**TASK DESCRIPTION**
Once you find the line with "Шланг ПВХ внутренний" in the data that follows, repeat it and every line after it exactly, through the line with "5年生と一緒に体力テストをしました。".

**INPUT MATERIAL**
┌──

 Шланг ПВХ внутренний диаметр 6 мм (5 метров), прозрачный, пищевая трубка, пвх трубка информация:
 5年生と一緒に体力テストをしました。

└──
┌──

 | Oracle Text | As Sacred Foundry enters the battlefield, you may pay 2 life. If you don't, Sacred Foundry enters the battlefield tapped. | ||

└──

**TASK SOLUTION**
 Шланг ПВХ внутренний диаметр 6 мм (5 метров), прозрачный, пищевая трубка, пвх трубка информация:
 5年生と一緒に体力テストをしました。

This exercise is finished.